Однако несколько позже Щеголев установил по камер-фурьерскому журналу, что 23 ноября 1836 года, т. е. через день после написания изучаемого письма, царь дал Пушкину аудиенцию в присутствии Бенкендорфа[361]
.Подобная аудиенция была весьма исключительным явлением (вспомним, что царь несколько месяцев не принимал и в конце концов так и не принял Пушкина в связи с «Замечаниями о бунте»). Случайное совпадение двух фактов — письмо от 21 ноября и аудиенция 23-го — казалось крайне маловероятным, и вскоре в пушкиноведении утвердилось мнение, будто письмо к Бенкендорфу Пушкин послал и следствием этого была аудиенция у Николая I[362]
. Более 40 лет во всех дискуссиях о последних месяцах жизни Пушкина всеми участниками, кажется, принималось, что письмо 21 ноября было отослано: выдвигались различные гипотезы, объяснявшие влияние этого факта на последующие события.Однако в феврале 1972 года, через 135 лет после гибели Пушкина, в Отдел рукописей Ленинской библиотеки был доставлен автограф послания к Бенкендорфу — среди упоминавшихся в предшествующей главе десяти новообретенных рукописей Пушкина из архива П. И. Миллера.
Обнаружение этого автографа не открывает существенных дополнений к прежде известному тексту знаменитого преддуэльного документа, однако само существование его, а также относящиеся к нему примечания Миллера вносят важные коррективы в наши представления об истории последних месяцев жизни Пушкина.
Исследуемый документ является беловым автографом, занимающим почти целиком четыре страницы голубой бумаги (письмо было сложено вчетверо и протерлось на сгибах, надорван и первый лист).
Большая часть разночтений с прежде известным текстом связана с мелкими неточностями, описками. Лишь полное написание «Monsieur le comte» (граф) в обращении к Бенкендорфу (вместо прежнего «М-r le comte» — см.
У верхнего края первой страницы письма находится несколько стершаяся карандашная запись рукой П. И. Миллера: «Найдено в бумагах А. С. Пушкина и доставлено графу Бенкендорфу 11 февраля 1837 года». Ни в этой записи, ни в автографе нет прямого указания, что адресат письма — именно Бенкендорф. Однако, кроме содержания документа, достаточно веским является авторитетное свидетельство Миллера в черновой (без заглавия) записке о гибели Пушкина (также поступившей в составе его архива).
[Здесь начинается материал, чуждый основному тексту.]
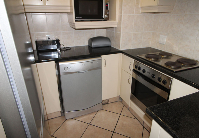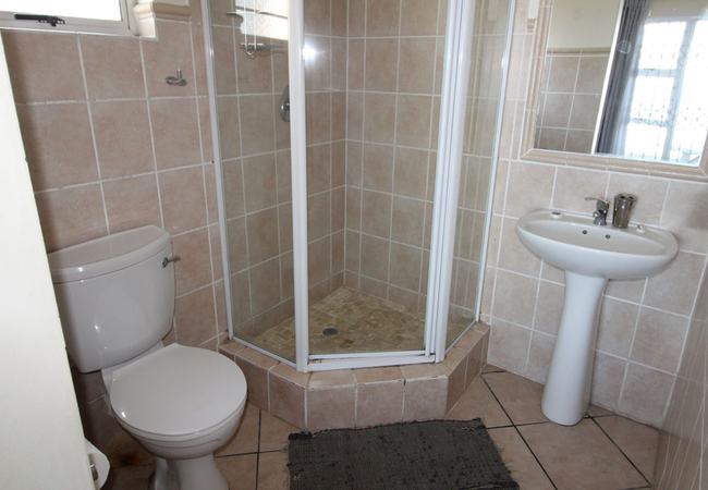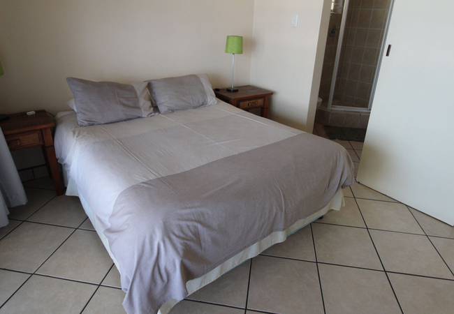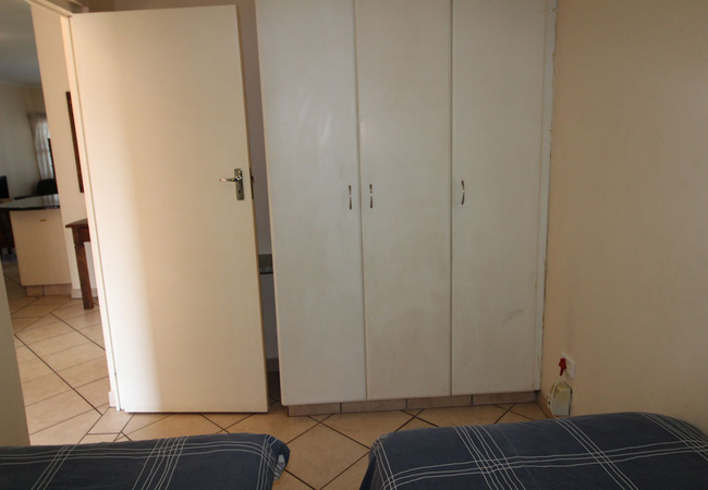 Strandloper 3 has three bedrooms, two bathrooms, and an open-plan living, dining and kitchen area. The first bedroom is furnished with a double bed and has an en-suite bathroom fitted with a shower, toilet and basin. The second and third bedrooms contain twin beds and have access to the separate bathroom fitted with a bath, shower, toilet and basin. The kitchen is equipped with a fridge, an oven and stove, a microwave, a dishwasher, and a kettle, and the living area contains a dining room table and chairs, seating, and a TV. The unit is also equipped with portable air-conditioning. The living area leads out onto a large patio with a lovely sea view. There is also a built-in gas braai on the patio. Guests can access Uvongo's main swimming beach and the Pavilion restaurant through the complex garden.
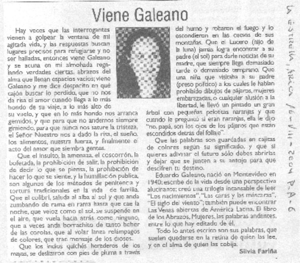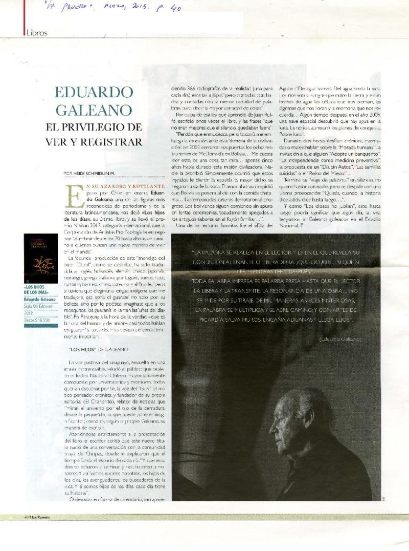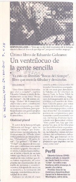 Ultimo libro de Eduardo Galeano : un ventrílocuo de la gente sencilla [artículo] Nicolás Poblete.
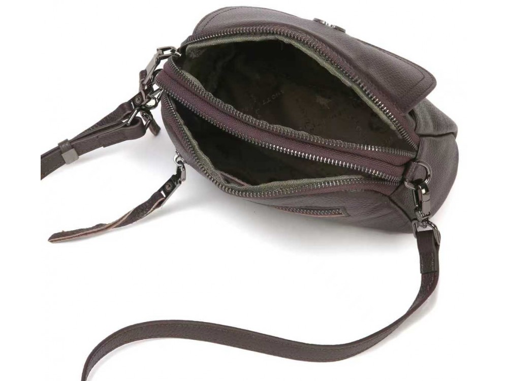 Сумка кросс-боди. В комплекте кожаный ремень с возможностью регулировки. Два основных отделения. Внутри: два кармана для аксессуаров, один из которых застегивается на молнию. Снаружи: спереди вместительный отдел под клапаном на магнитной клепке. Сзади: карман для мелочей на молнии.
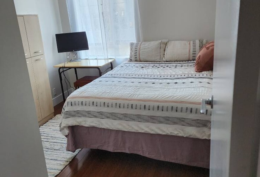 Centrally located, making it super convenient to access public transit, shops, restaurants and entertainment. Minutes walking to downtown and to the iconic Johnson Street Bridge, Market Square, Harbour, Parliament, museums, parks and waterfronts. The condo located on the 3rd floor of the 10 floors building and will be shared with one professional female, often working and studying from home. Quiet and focused environment will be a must. No parties No pets * No smoking/vaping (including balcony)
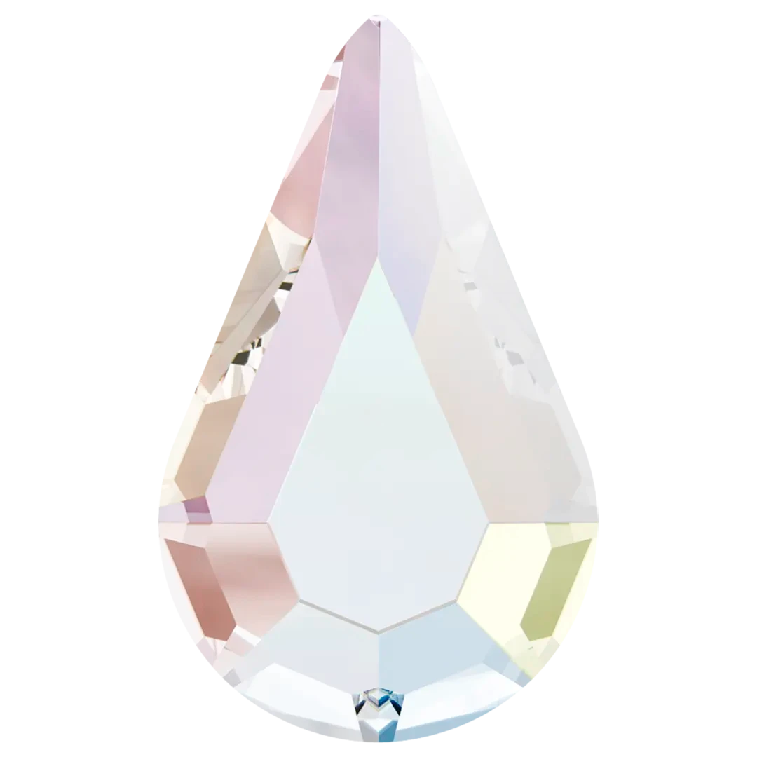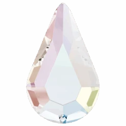 Serinity hotfix crystals Drop (2300) Crystal AB are flat back crystals where the reverse side of the crystal has been pre-coated with a heat-sensitive glue. Serinity Drop shaped crystals feature a unique teardrop design that tapers from a smaller top to a wider bottom, giving it the appearance of a droplet or tear. The crystal has a flat top surface and bevelled sides that allow it to reflect light and create a dazzling effect as it moves.
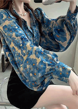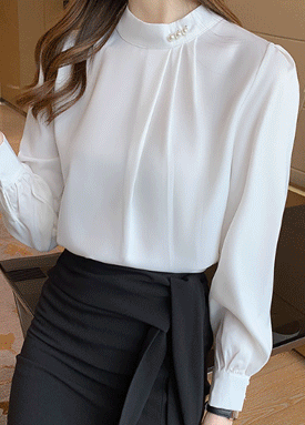 [당일발송]볼륨소매 유니크 핀턱 블라우스
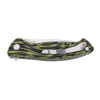 Die besonders hochwertige Verarbeitung dieses Herbertz Top-Collection Einhandmessers wird dem Besitzer viel Freude bereiten. Die satinierte Klinge aus rostfreiem AISI 440 Hochleistungsstahl kann dank des eingebauten Kugellagers an der Klingenachse über einen Flipper spielend leicht geöffnet werden. Für ein daumenfreundliches Lösen der Arretierung wurde der Liner Lock ergonomisch abgeschrägt. Beim Griffmaterial wird optisch ineinander verlaufendes G10 in Grün und Schwarz eingesetzt. Die Strukturierung der Heftschalen sorgt zusätzlich für guten Halt. Eine verdeckte Fangriemenöse und ein Edelstahl Gürtelclip sind ebenfalls vorhanden. Die Lieferung erfolgt mit Nylonetui und Kunststoffbox.
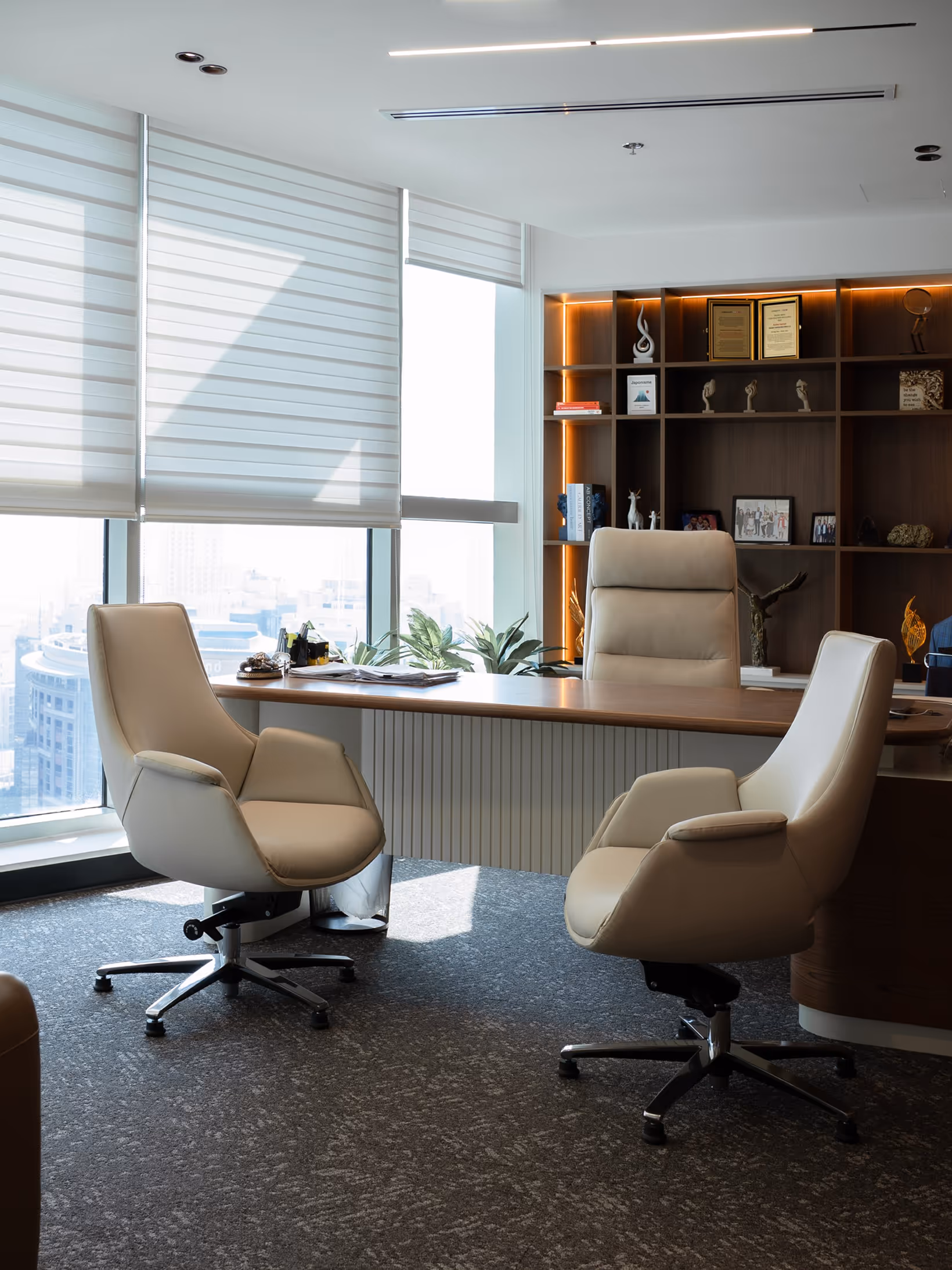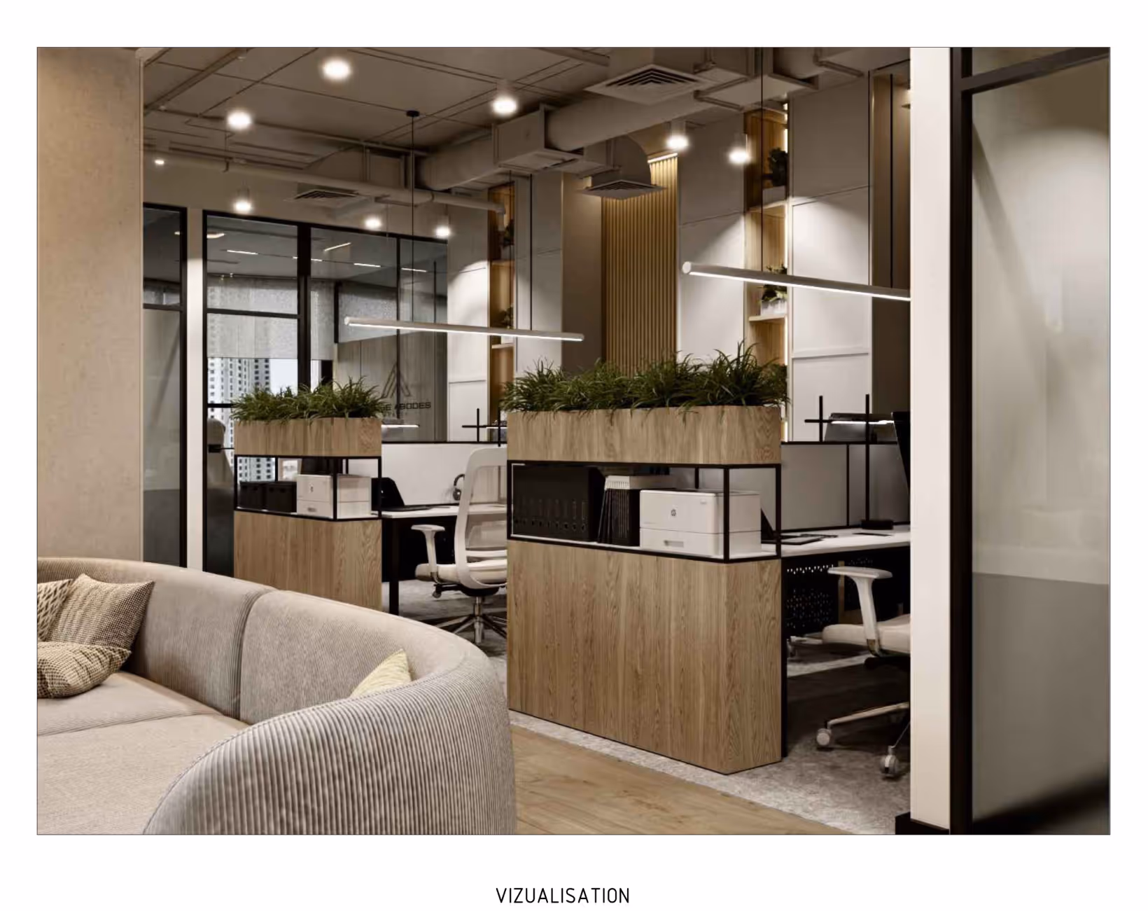 Starting from a bare shell – no floors, walls, or lighting – we renovate this 182 sqm office from scratch. Cement screed, soundproofed cabins, full ceiling systems, and integrated electricals were installed. Glass partitions and free-standing furniture complete the look. The result: a modern, functional space with welcoming lounge, open work zone, and quiet meeting rooms – ready for business.
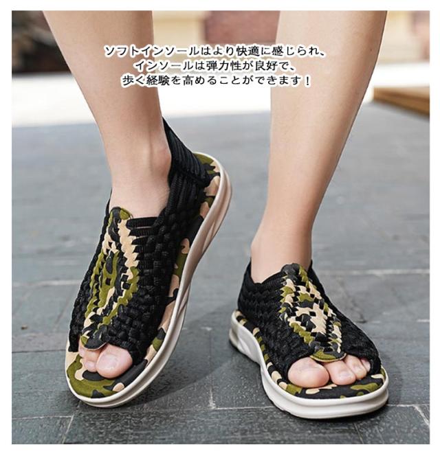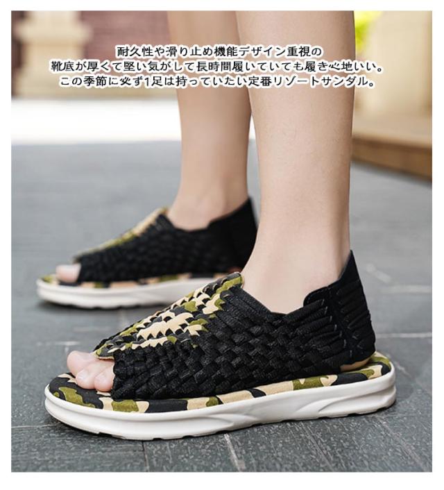 リゾートサンダル サンダル 春 手編み 歩き やすい メンズ レディース スポーツサンダル 編み込み 厚底 編み 夏 履きやすい サンダル 涼しい 通気性 耐久性抜群 ハンドメイド リラックス ストレッチ アウトドア お洒落
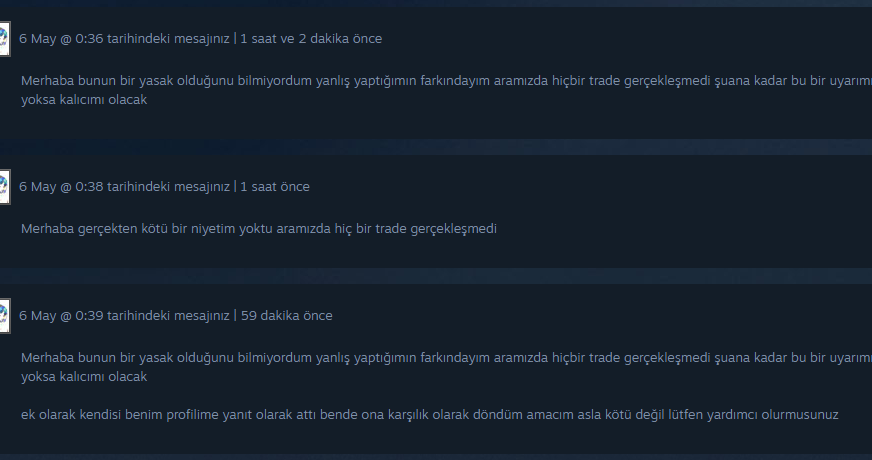 CSFloat üzerinden bir bıçak satışı yapıyordum. Evde olmadığım bir gün, bir kullanıcı teklif göndermiş ancak göremediğim için geri dönüş sağlayamadım. Daha sonra bu kişi Steam profilime “hey bro, look CSFloat pls” şeklinde bir mesaj yazdı. Ben de onun hesabına geri yanıt verdim ekran görüntüsünde ki gibi. Bu akşam Steam hesabıma giriş yapmaya çalıştığımda bir uyarı aldım ve hesabım kilitlendi. Hesabımda çok değerli oyunlar ve eşyalar bulunmakta. Hiçbir şekilde kötü niyetim yoktur; sadece ticaret amaçlı bir konuşmaydı.
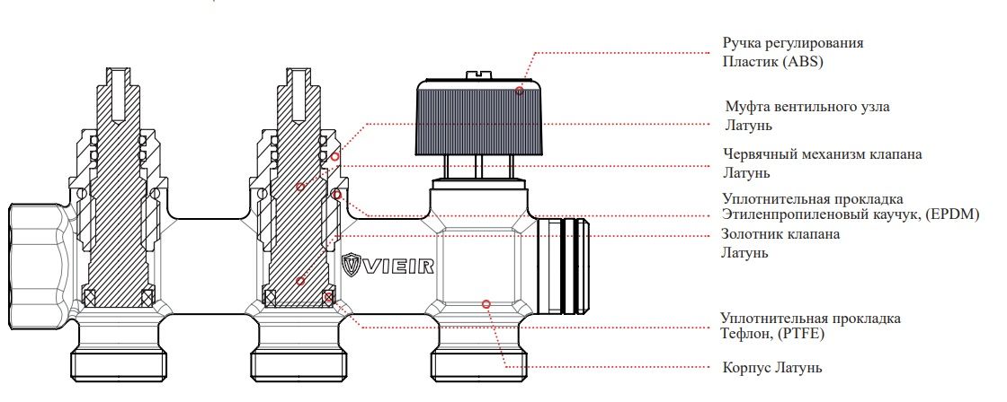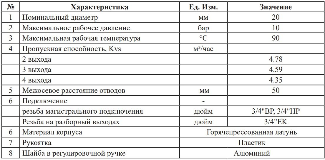 Каждый отвод оснащён запорно-регулирующим вентилем, позволяющим отключить или отрегулировать поток воды. В регулировочные ручки вентиля установлена алюминиевая шайба с названием потребителей и двухсторонняя информативная пластина красного/синего цвета, которая обозначает горячую/холодную воду.
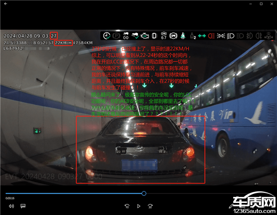 如图,视频中可以看出,发生在早上的9点多,周边环境与车况都正常,本车开着LCC辅助驾驶,并设置60KM/H时速行驶,在21秒的时候,前车刹车灯亮,本车继续保持60KM/H时速,到了25秒的时候,也就是在这5秒的时间内,本车维持时速缩短与前车的距离,直到26秒27秒的时候与前车发生追尾,整个全程都是开车LCC,AEB功能也是开启的,周边路况等也是正常的,并无特殊情况发生!问题就来了,作为一款高端智能安全汽车,请问这哪里体现了,连最起码的跟车都能发生事故?还有啥安全可言!事后第一时间与极氪联系,可他们从始至终并未给出合理的解释,只是一味拿话术搪塞,不承认是车辆问题。我的疑问你宣传LCC功能和AEB安全呢,为什么那几秒的时间,前车在刹车减速,本车确没反应呢,形同虚设,是失灵还是反应迟钝呢?而且现在现在可以直接跳过,不用处理就显示回复?

Эта запись, несомненно, меняет сложившееся мнение о судьбе послания Пушкина к Бенкендорфу и является сильным доводом в пользу самой ранней версии — о неотосланном письме.
Еще одно свидетельство об этом находится в упомянутой черновой записке, посвященной истории гибели Пушкина. «Письмо к гр. Бенкендорфу, — писал Миллер о Пушкине, — он не послал, а оно найдено было в его бумагах после его смерти, переписанное и вложенное в конверт для отсылки».
Остановимся на этом подробнее. К примечанию Миллера на письме Пушкина следует отнестись с доверием. Гибель поэта, несомненно, потрясла его постоянного доброжелателя и почитателя. События тех дней, к которым Миллер оказался причастным, навсегда остались в его памяти. Отмеченная на пушкинском письме дата доставки его к шефу жандармов, «11 февраля 1837 года», вполне соответствует описываемой ситуации.
Как известно, в феврале 1837 года на квартире В. А. Жуковского, куда были доставлены бумаги Пушкина, происходил их «разбор». Судя по «Журналу», который сопровождал всю эту процедуру, в течение 9 и 10 февраля 1837 года бумаги Пушкина были разделены на 36 категорий, среди которых под № 12 значатся «Письма Пушкина», а под № 8 — «Бумаги генерал-адъютанта гр. Бенкендорфа»[363]
.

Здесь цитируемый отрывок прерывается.